Bert Massie is a governor of Motability and Liverpool John Moores University. He chairs the Volunteer Centre Liverpool and is a trustee of Raise and Local Solutions, both based in Liverpool. He is a member of the Baring Foundation Panel on the Independence of the Voluntary Sector and chairs the Community Equipment Code of Practice Scheme CIC. Previously he was the Commissioner for the Compact, a founding Commissioner of the Equality and Human Rights Commission, chairman of the Disability Rights Commission and CEO of The Royal Association for Disability & Rehabilitation (now Disability Rights UK). He has been a member of a number of committees advising various governments on policy relating to disabled people.

Roger Berry

Dr Roger Berry was the Member of Parliament for Kingswood from 1992 to 2010, during which time he was secretary and then co-chair of the All Party Parliamentary Disability Group. He introduced a number of Bills on disability issues. None reached the Statute Book, but most of their provisions were included in subsequent legislation, in particular the Disability Discrimination Acts and the Equality Act. He is currently a Trustee of Disability Rights UK and of Action on Work and Disability UK. Before being elected an MP he was a lecturer in economics at the Universities of Bristol, Papua New Guinea and Sussex.

Neil Crowther

Neil Crowther is an independent consultant specialising in equality and human rights, with a particular interest in disability rights.
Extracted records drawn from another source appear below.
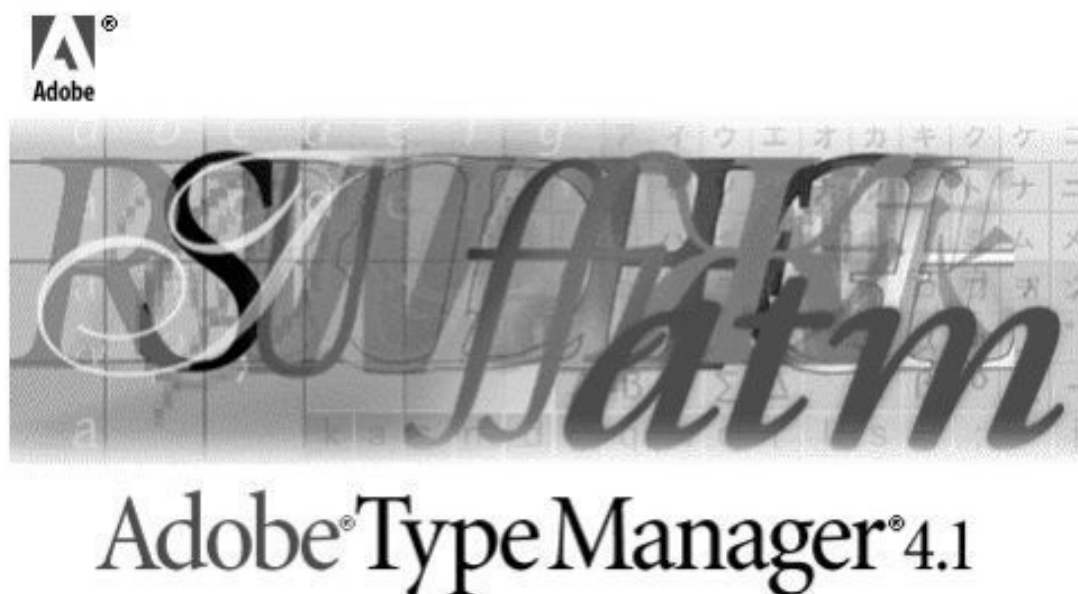
Рис. 1.8. Логотип программы Adobe Type Manager

При совместной установке MS TrueType и Adobe Type 1 полезно использовать утилиту Adobe Type Manager, логотип которой приведен на рис. 1.8. Эта программа включает в себя принтерные шрифты Adobe PostScript и утилиту-растеризатор. Данный и другие подобные пакеты (например, Corel Bitstream Font Navigator) имеют свои панели управления для установки и настройки шрифтов. В отличие от встроенных принтерных шрифтов, шрифты Adobe Type Manager могут быть в точности воспроизведены на экране. Например, для выбранного вами любого шрифта любого размера Adobe Type Manager сгенерирует и выведет на экран его растровую версию.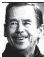
VÁCLAV HAVEL 1. prezident ČR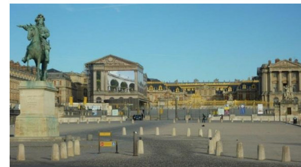
Château de Versailles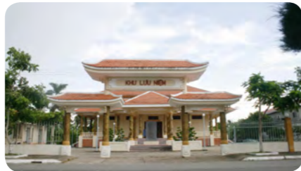
Khu trù mật Vị Thanh Hoà Lự

He advises and supports a range of UK and international governmental and non-governmental organisations. Recent work includes advising and drafting the final report by the Joint Parliamentary Committee on Human Rights following its inquiry into disabled people’s right to independent living, contributing to the European Commission report to the UN Committee on the Rights of Persons with Disabilities and co-authoring ‘Taking Control of Employment Support’ which recommended replacing the Work Programme with bespoke support commissioned by disabled people and employers. Neil was previously Director of the Disability Programme at the Equality and Human Rights Commission and before that Head of Policy at the Disability Rights Commission.

Agnes Fletcher

Agnes Fletcher supports organisations in the public and third sectors to respond positively to human diversity and to meet their obligations under the Equality Act 2010. She is a disabled person who has worked for disability equality for more than 20 years, first at the international level, building on the United Nations Decade of Disabled People, and then in Britain on the campaign for anti-discrimination legislation. Agnes was a director of the Disability Rights Commission for five years, leading on communications and employment. She is a trustee of advocacy organisation POhWER and of disability organisation Scope.

Kaliya Franklin

Kaliya Franklin is co-development lead of People First England, a self-advocacy organisation for adults with learning disabilities, particularly focused on the use of new media campaigning techniques. Kaliya is a disabled speaker, writer and campaigner recognised as having in-depth knowledge of the day-to-day experiences of people living with a variety of disabling conditions and disabilities. Founder of The Broken of Britain and co-author/producer of the first Spartacus report ‘Responsible Reform’, Kaliya regularly contributes by invitation to radio discussions and has written for The Guardian and The Independent. She is a Patron of the Hypermobility Syndromes Association. Kaliya is the author of the Orwell Prize 2012 shortlisted blog, Benefit Scrounging Scum. In 2013, with the charity United Response, Kaliya was the co-creator of the first news service in ‘easy read’ for people with learning disabilities, Easy News.

Ian Greaves

Ian Greaves is editor of the ‘Disability Rights Handbook’, published by Disability Rights UK, and is currently working on the 39th edition. He previously worked as a tribunals officer for DIAL Bradford for over a decade. His first publication, ‘Disability Benefits in a Nutshell’, was published by DIAL. Ian has since written numerous guides on disability benefits, both for Disability Rights UK and for a range of other organisations, including the MS Society, the National Rheumatoid Arthritis Society, the National Ankylosing Spondylitis Society and Parkinson’s UK.